Finger-vein ROI extraction a right valley \(V_R\) detection, b corresponding radial distance curve, c left valley \(V_L\) detection and d corresponding radial distance curve

In order to locate the valley points, we employ the same approach as the one used for palm-vein ROI extraction; however, with two reference points. Specifically, for a region along the hand contour between any two consecutive fingertips \(T_1\) and \(T_2\) (highlighted in blue in Fig. 3a, c). One of the fingertips is considered as the reference point and the other fingertip as the end point. The valley point corresponds to the maximum on the radial distance curve between the reference and the end points. Refer Fig. 3 where point \(T_1\) is considered to be the reference point to locate \(V_R\), and similarly, \(T_2\) is considered to be the reference point to locate \(V_L\).

Fig. 4
figure 4

Finger-vein ROI extraction: for inner fingers (first row) and for outer fingers (second row)

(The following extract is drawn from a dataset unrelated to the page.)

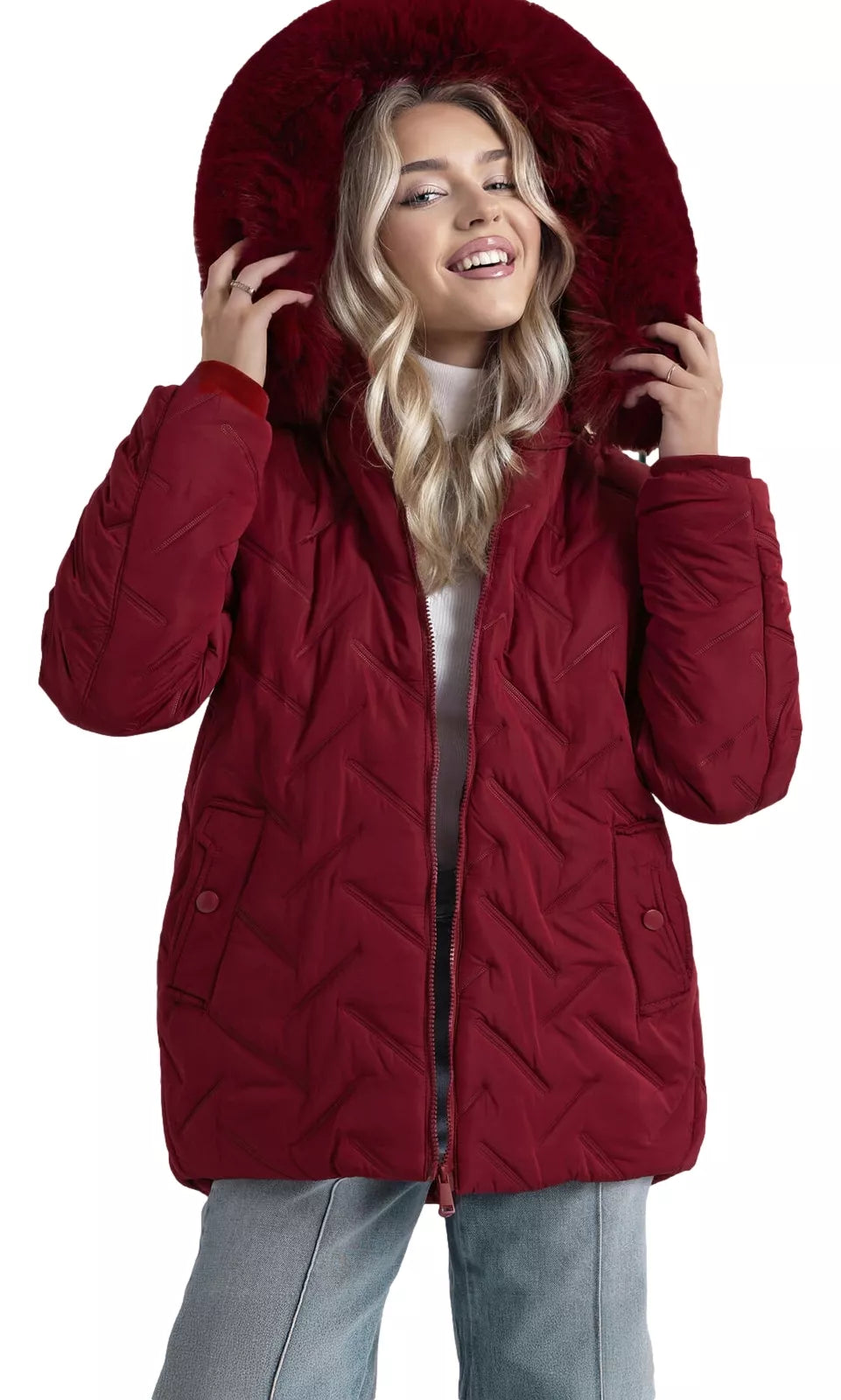 Moteriška žieminė striukė su dirbtinio kailio kapišonu
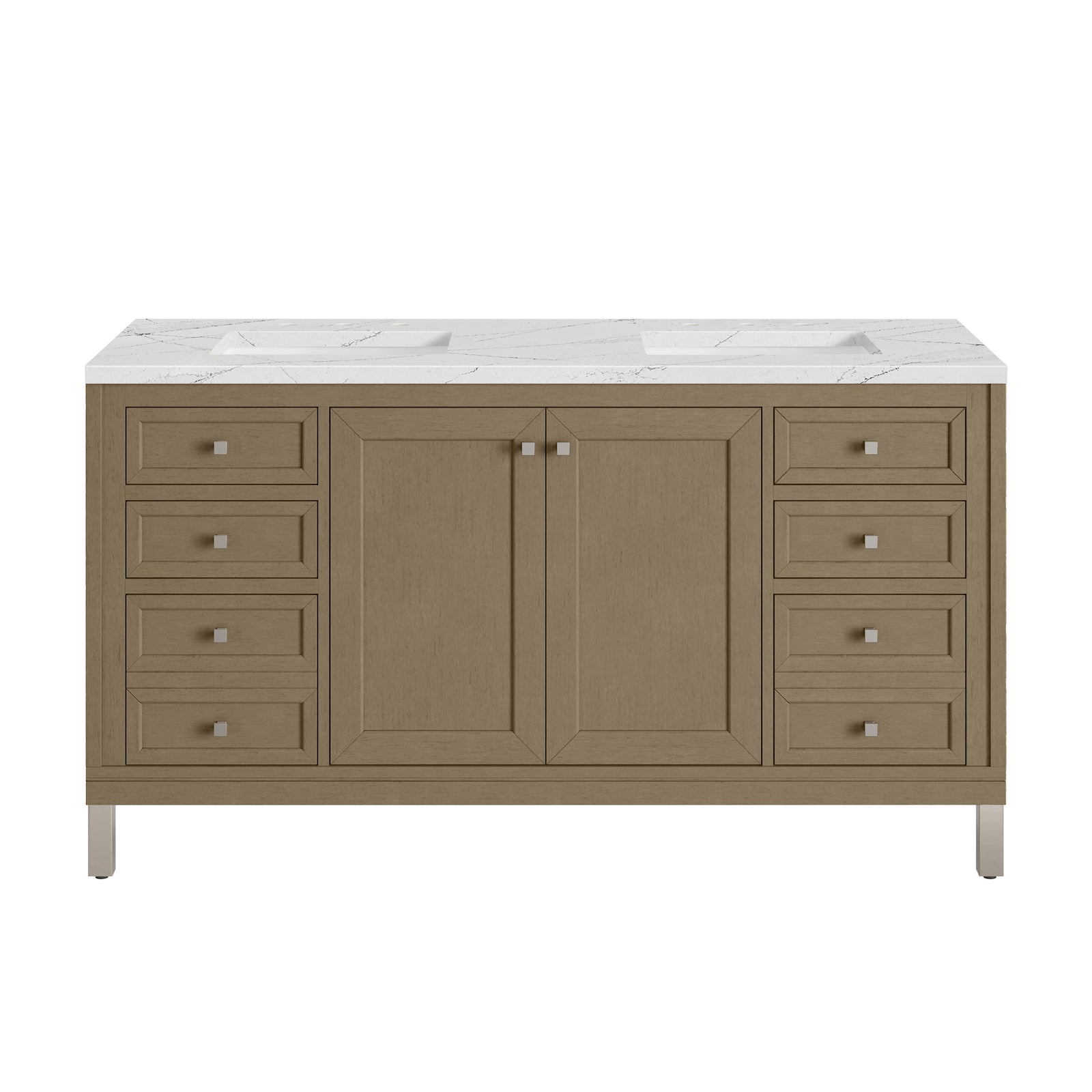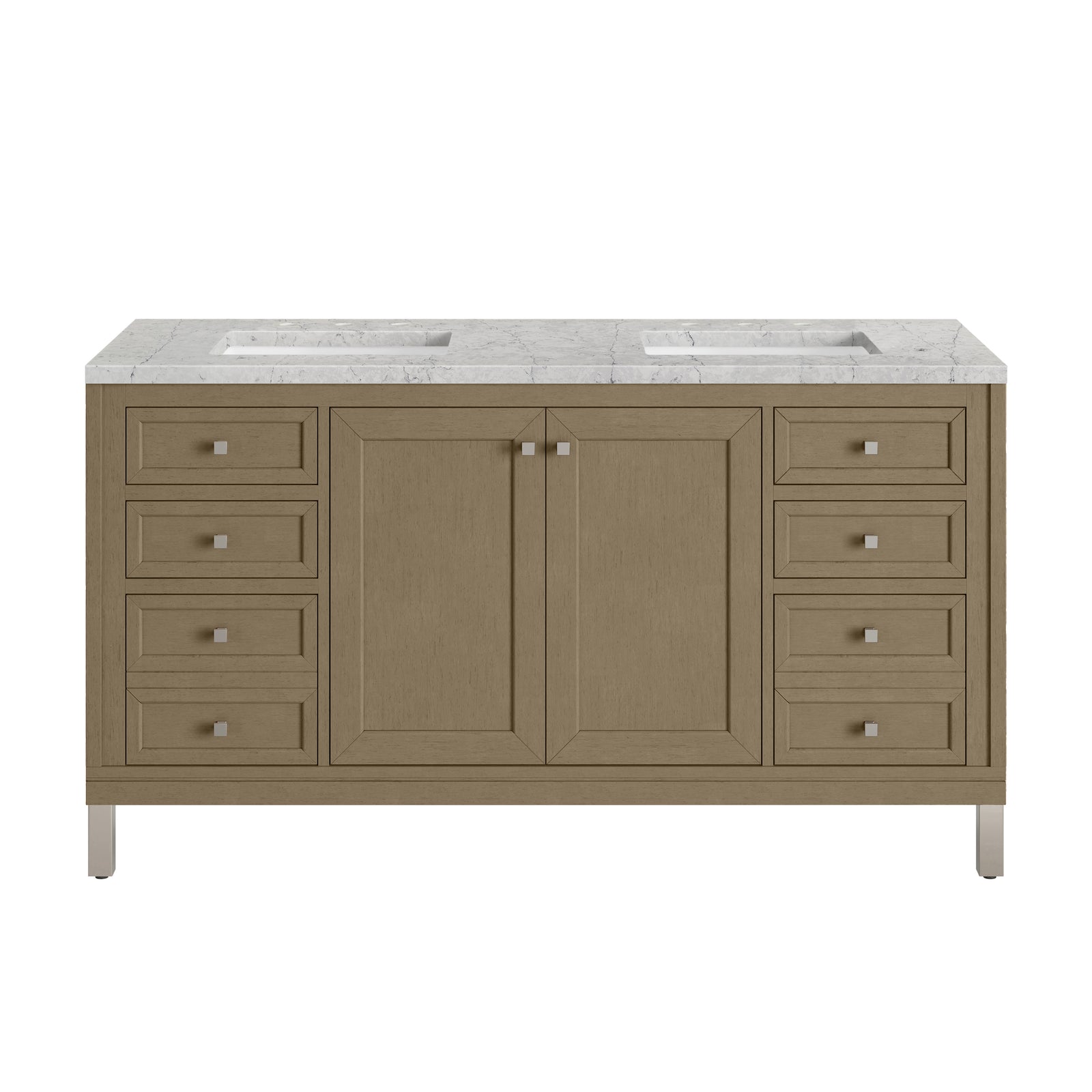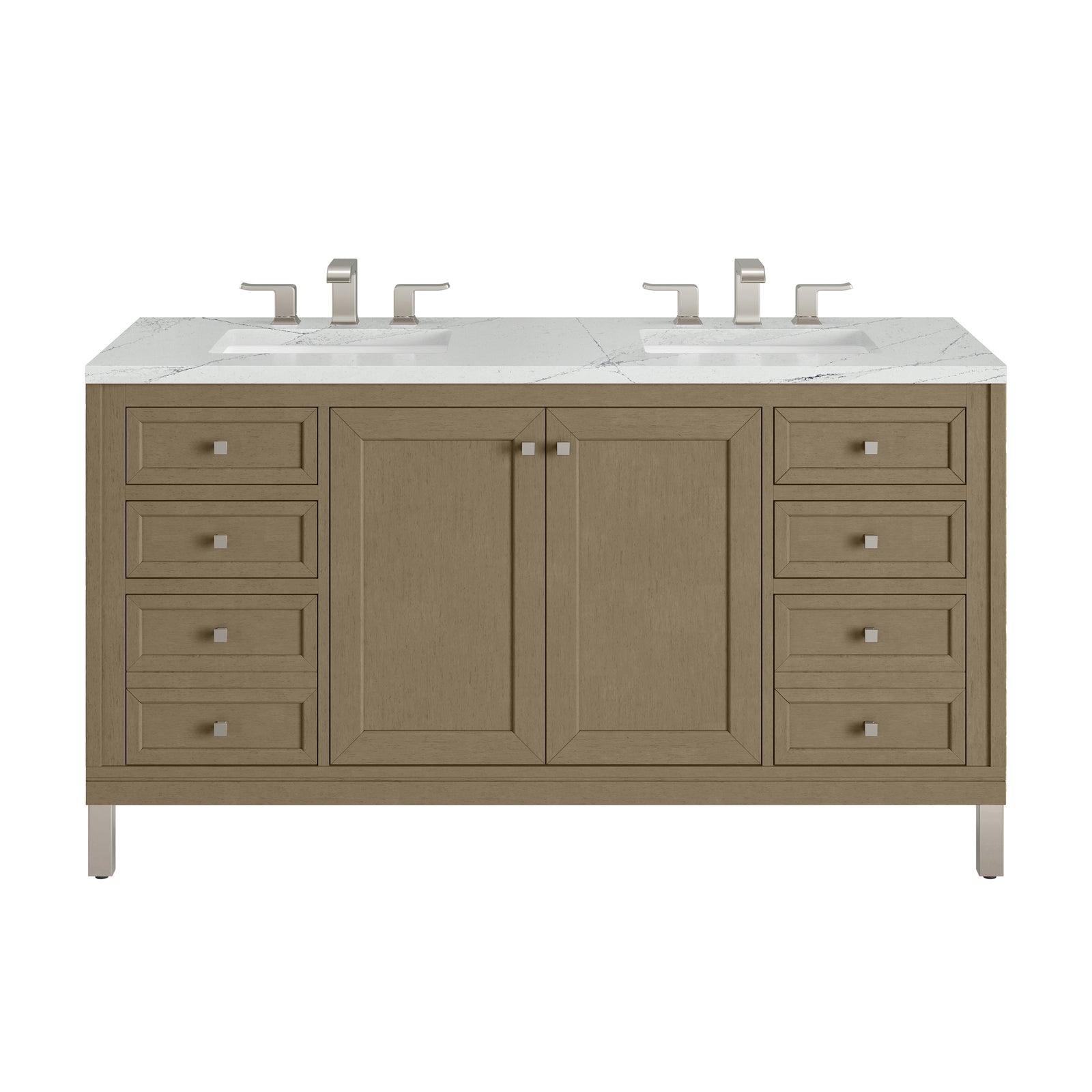 Chicago 60" Double Vanity, Walnut Whisper, w/ 3 CM Eternal Jasmine Pearl SilestoneĀ® Top

The inner fingers namely, middle and ring have two finger valleys \(V_A\) and \(V_B\), to their left and right, respectively. \(V_A\) is located using radial distance curve with \(T_A\) and \(T_B\) as the reference and end points, respectively. Similarly, \(V_B\) is located using the points, \(T_B\) and \(T_C\) as the reference and end points, respectively, as shown in Fig. 4. The line joining the fingertip \(T_B\) with the midpoint of the line \(V_AV_B\) acts as the finger axis. Figure 4b shows the rotated image with vertical finger axis. The outer blue rectangle represents the finger boundary, while the inner red rectangle corresponds to the ROI which is extracted by iteratively reducing the outer boundary from the lateral and upper ends, until the background is eliminated.

Outer fingers which include index and little fingers, have a single valley associated with them. In order to locate the other end of the finger contour, the contour length l between the valley \(V_A\) and the fingertip \(T_A\) is measured and a point \(End_L\) along the contour at a contour distance of l from \(T_A\) is identified, as shown in Fig. 4c. Once the two base points are located, we perform the same set of operations as for inner finger-vein ROI extraction. The finger-vein ROI for index finger is shown in Fig. 4d.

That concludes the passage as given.